**Raw data**
+++

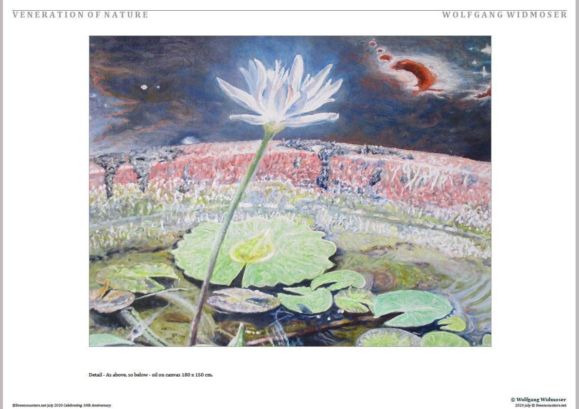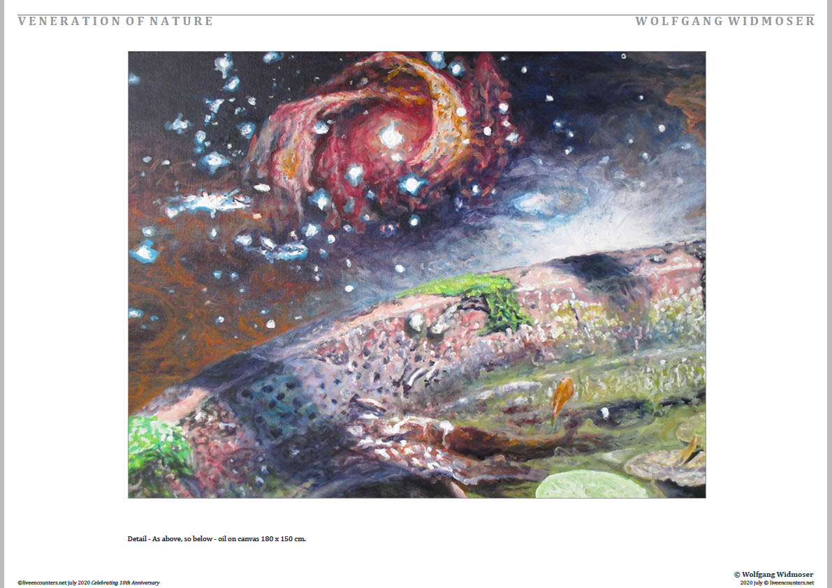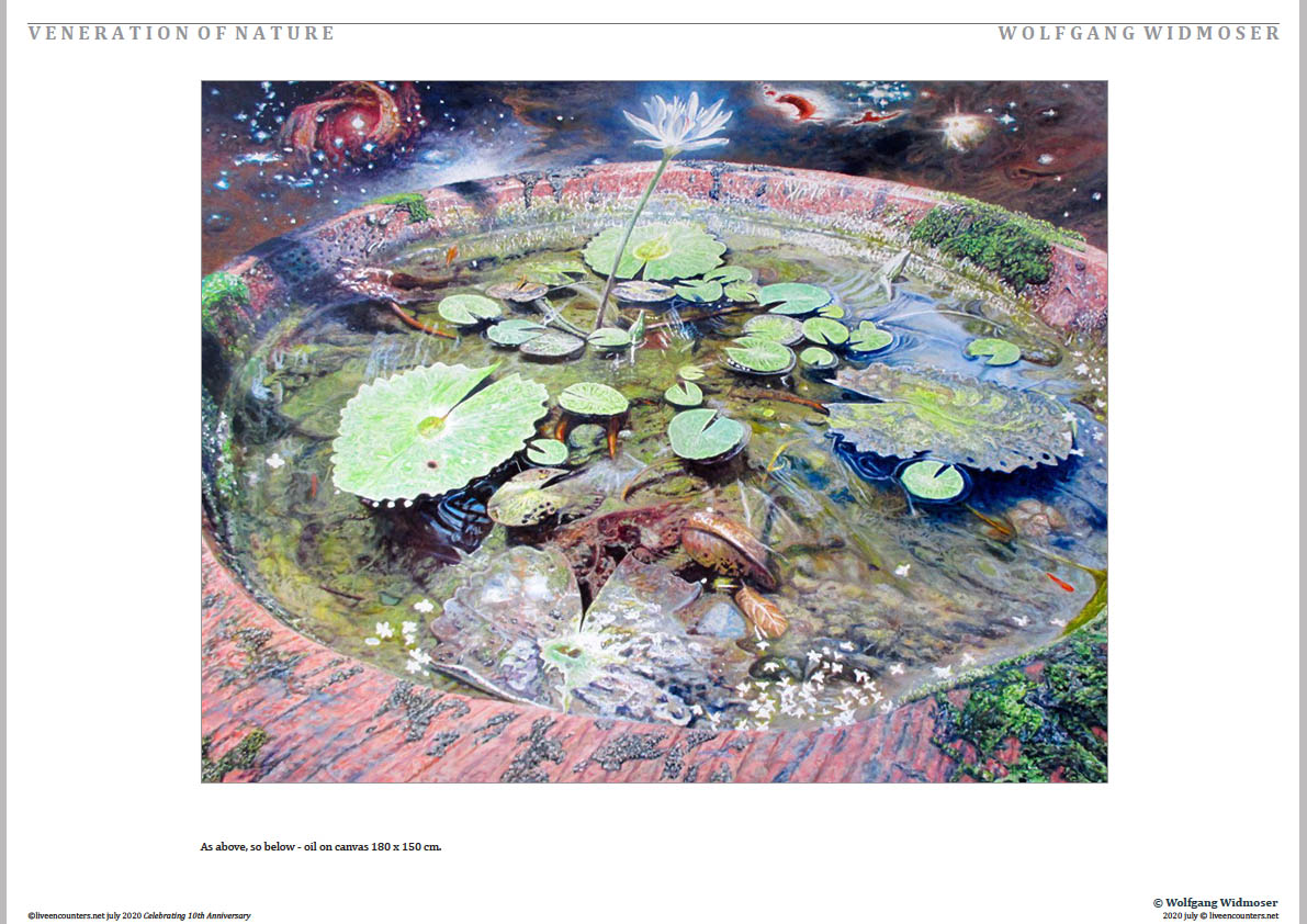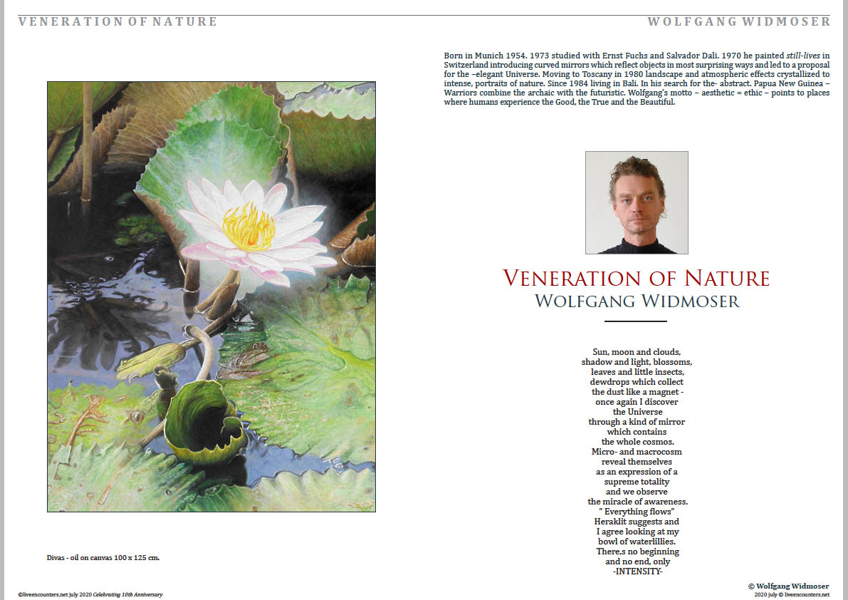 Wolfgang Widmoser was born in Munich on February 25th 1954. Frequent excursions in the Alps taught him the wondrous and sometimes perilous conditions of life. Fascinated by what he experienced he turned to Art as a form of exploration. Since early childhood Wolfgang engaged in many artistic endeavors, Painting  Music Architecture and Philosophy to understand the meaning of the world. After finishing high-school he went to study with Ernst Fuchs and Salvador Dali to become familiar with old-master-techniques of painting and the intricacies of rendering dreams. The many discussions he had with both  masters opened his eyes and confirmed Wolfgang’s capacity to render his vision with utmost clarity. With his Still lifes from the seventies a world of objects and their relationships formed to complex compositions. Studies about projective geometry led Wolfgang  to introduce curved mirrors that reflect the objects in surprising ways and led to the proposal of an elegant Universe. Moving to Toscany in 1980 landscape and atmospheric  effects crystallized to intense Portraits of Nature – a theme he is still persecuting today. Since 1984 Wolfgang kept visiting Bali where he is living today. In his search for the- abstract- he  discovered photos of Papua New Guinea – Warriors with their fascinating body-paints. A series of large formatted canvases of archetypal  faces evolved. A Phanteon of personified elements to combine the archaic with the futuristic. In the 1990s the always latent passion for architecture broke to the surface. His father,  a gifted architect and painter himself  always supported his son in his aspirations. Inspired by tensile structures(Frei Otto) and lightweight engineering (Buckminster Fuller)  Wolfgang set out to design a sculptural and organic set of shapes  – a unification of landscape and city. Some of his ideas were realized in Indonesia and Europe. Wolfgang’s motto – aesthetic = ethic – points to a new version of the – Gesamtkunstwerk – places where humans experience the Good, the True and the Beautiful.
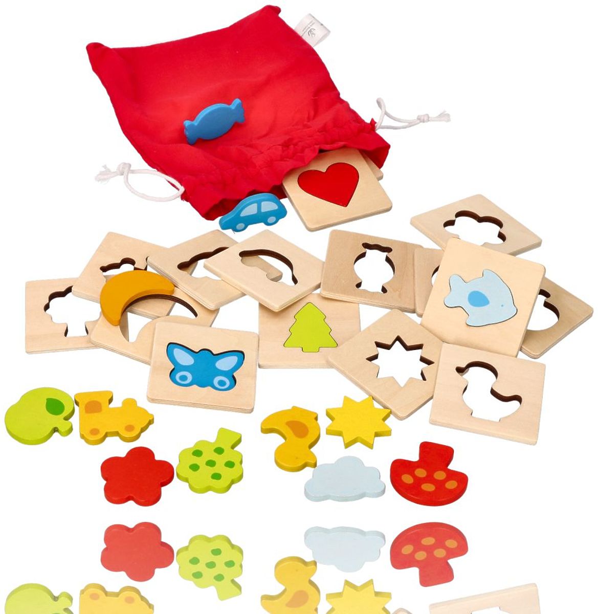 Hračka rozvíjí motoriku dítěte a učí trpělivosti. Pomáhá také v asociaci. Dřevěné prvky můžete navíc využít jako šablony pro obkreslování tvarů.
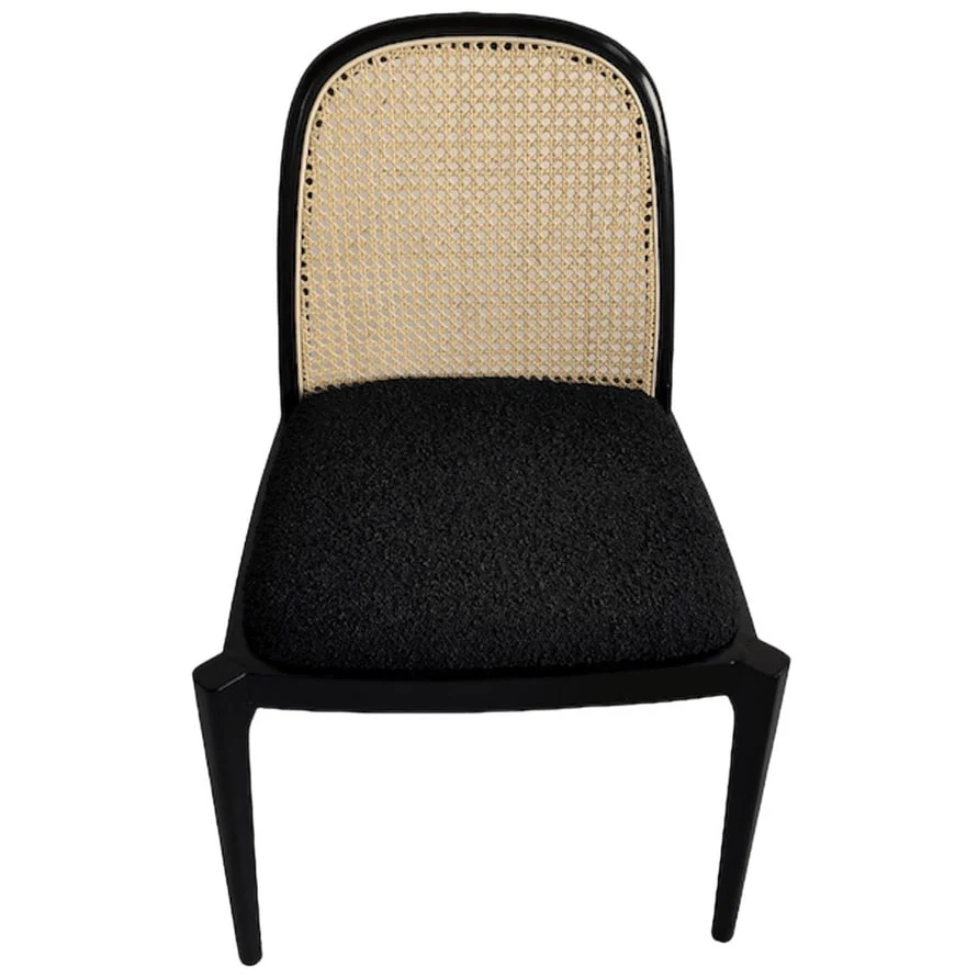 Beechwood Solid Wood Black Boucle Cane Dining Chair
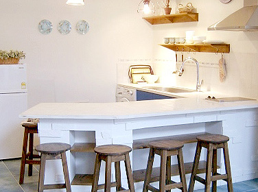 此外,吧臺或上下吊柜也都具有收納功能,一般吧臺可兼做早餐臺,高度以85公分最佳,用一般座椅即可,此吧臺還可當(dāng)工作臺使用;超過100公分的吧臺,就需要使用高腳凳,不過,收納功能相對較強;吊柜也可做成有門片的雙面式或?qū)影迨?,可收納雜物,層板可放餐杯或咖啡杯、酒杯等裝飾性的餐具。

+++

The copy must begin with the line containing "Beechwood Solid Wood", end with the last line of the material, match each line exactly, and hold no pictures.

**Solution to the exercise**
 Beechwood Solid Wood Black Boucle Cane Dining Chair
 此外,吧臺或上下吊柜也都具有收納功能,一般吧臺可兼做早餐臺,高度以85公分最佳,用一般座椅即可,此吧臺還可當(dāng)工作臺使用;超過100公分的吧臺,就需要使用高腳凳,不過,收納功能相對較強;吊柜也可做成有門片的雙面式或?qū)影迨?,可收納雜物,層板可放餐杯或咖啡杯、酒杯等裝飾性的餐具。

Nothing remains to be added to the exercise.